■ Material provided
━━━━━━━━

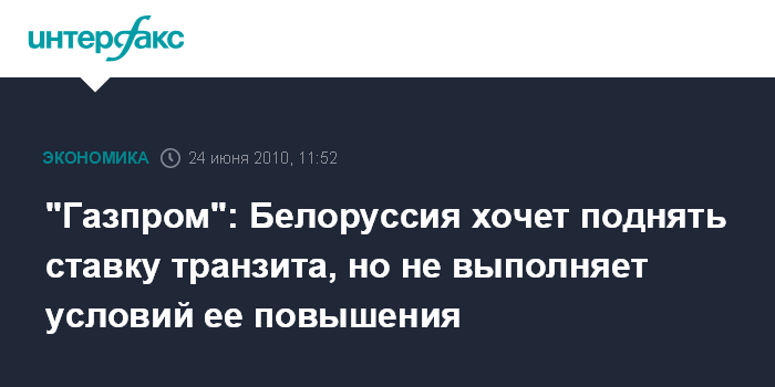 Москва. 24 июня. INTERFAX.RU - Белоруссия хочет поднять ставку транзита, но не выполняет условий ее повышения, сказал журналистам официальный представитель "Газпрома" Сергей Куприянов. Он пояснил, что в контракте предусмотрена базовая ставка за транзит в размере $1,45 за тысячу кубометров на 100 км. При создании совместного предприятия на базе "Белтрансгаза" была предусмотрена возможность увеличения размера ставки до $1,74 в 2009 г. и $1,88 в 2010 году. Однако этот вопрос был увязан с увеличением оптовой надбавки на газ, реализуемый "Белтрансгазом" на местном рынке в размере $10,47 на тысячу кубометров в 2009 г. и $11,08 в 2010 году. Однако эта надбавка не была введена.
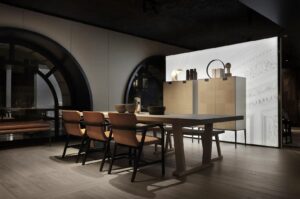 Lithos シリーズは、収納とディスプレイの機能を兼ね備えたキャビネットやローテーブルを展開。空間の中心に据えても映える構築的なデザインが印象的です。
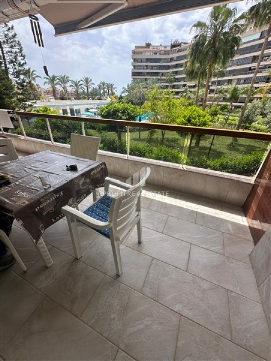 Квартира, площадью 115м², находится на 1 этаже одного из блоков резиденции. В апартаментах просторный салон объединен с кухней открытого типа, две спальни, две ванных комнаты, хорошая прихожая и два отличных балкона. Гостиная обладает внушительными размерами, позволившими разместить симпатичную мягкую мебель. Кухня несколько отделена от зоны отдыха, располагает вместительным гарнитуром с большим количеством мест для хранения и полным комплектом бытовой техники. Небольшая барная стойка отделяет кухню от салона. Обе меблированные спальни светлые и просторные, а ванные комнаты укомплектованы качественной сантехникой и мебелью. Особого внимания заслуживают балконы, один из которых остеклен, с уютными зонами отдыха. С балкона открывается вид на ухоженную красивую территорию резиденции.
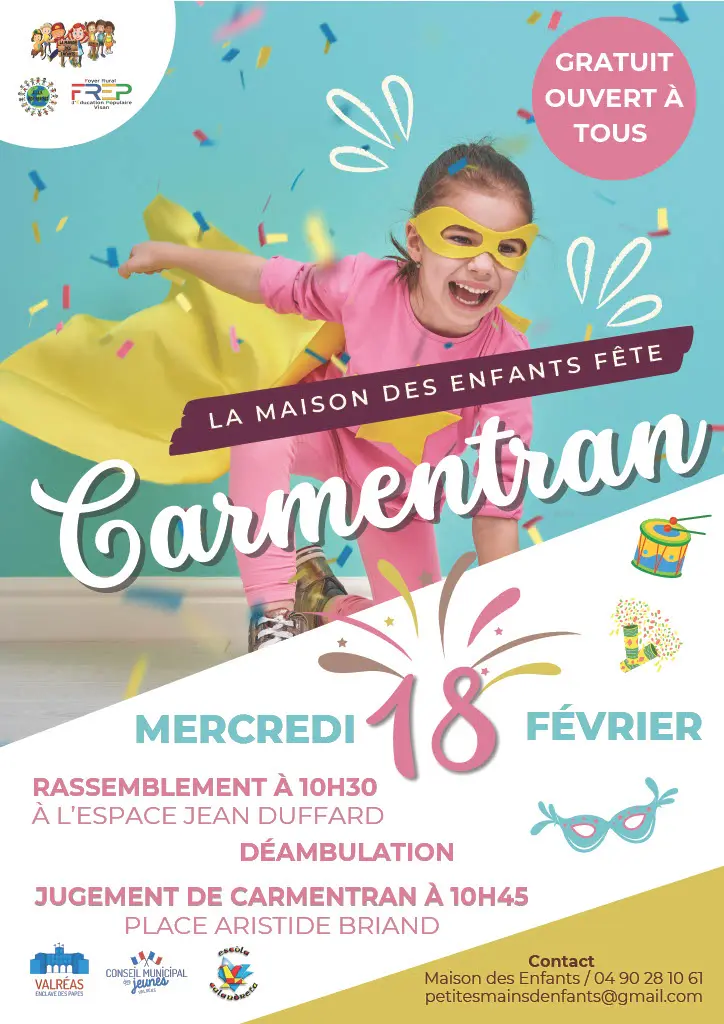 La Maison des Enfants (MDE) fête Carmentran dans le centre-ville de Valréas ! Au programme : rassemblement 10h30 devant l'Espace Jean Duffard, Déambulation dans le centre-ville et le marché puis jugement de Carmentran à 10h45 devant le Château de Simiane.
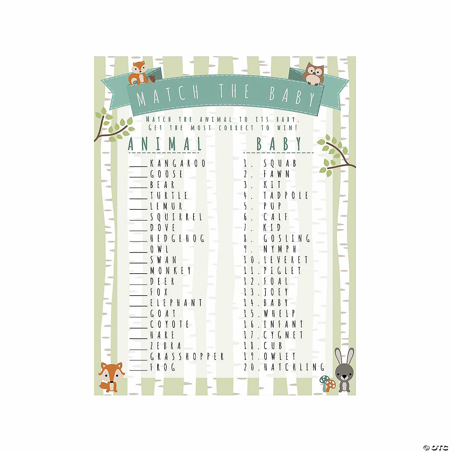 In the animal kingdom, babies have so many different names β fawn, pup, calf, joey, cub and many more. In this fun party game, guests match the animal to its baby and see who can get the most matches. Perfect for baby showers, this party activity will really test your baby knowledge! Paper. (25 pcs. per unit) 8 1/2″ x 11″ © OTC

━━━━━━━━

■ Task
Reproduce every record in full. Leave out the images.

■ Completed task
 Москва. 24 июня. INTERFAX.RU - Белоруссия хочет поднять ставку транзита, но не выполняет условий ее повышения, сказал журналистам официальный представитель "Газпрома" Сергей Куприянов. Он пояснил, что в контракте предусмотрена базовая ставка за транзит в размере $1,45 за тысячу кубометров на 100 км. При создании совместного предприятия на базе "Белтрансгаза" была предусмотрена возможность увеличения размера ставки до $1,74 в 2009 г. и $1,88 в 2010 году. Однако этот вопрос был увязан с увеличением оптовой надбавки на газ, реализуемый "Белтрансгазом" на местном рынке в размере $10,47 на тысячу кубометров в 2009 г. и $11,08 в 2010 году. Однако эта надбавка не была введена.
 Lithos シリーズは、収納とディスプレイの機能を兼ね備えたキャビネットやローテーブルを展開。空間の中心に据えても映える構築的なデザインが印象的です。
 Квартира, площадью 115м², находится на 1 этаже одного из блоков резиденции. В апартаментах просторный салон объединен с кухней открытого типа, две спальни, две ванных комнаты, хорошая прихожая и два отличных балкона. Гостиная обладает внушительными размерами, позволившими разместить симпатичную мягкую мебель. Кухня несколько отделена от зоны отдыха, располагает вместительным гарнитуром с большим количеством мест для хранения и полным комплектом бытовой техники. Небольшая барная стойка отделяет кухню от салона. Обе меблированные спальни светлые и просторные, а ванные комнаты укомплектованы качественной сантехникой и мебелью. Особого внимания заслуживают балконы, один из которых остеклен, с уютными зонами отдыха. С балкона открывается вид на ухоженную красивую территорию резиденции.
 La Maison des Enfants (MDE) fête Carmentran dans le centre-ville de Valréas ! Au programme : rassemblement 10h30 devant l'Espace Jean Duffard, Déambulation dans le centre-ville et le marché puis jugement de Carmentran à 10h45 devant le Château de Simiane.
 In the animal kingdom, babies have so many different names β fawn, pup, calf, joey, cub and many more. In this fun party game, guests match the animal to its baby and see who can get the most matches. Perfect for baby showers, this party activity will really test your baby knowledge! Paper. (25 pcs. per unit) 8 1/2″ x 11″ © OTC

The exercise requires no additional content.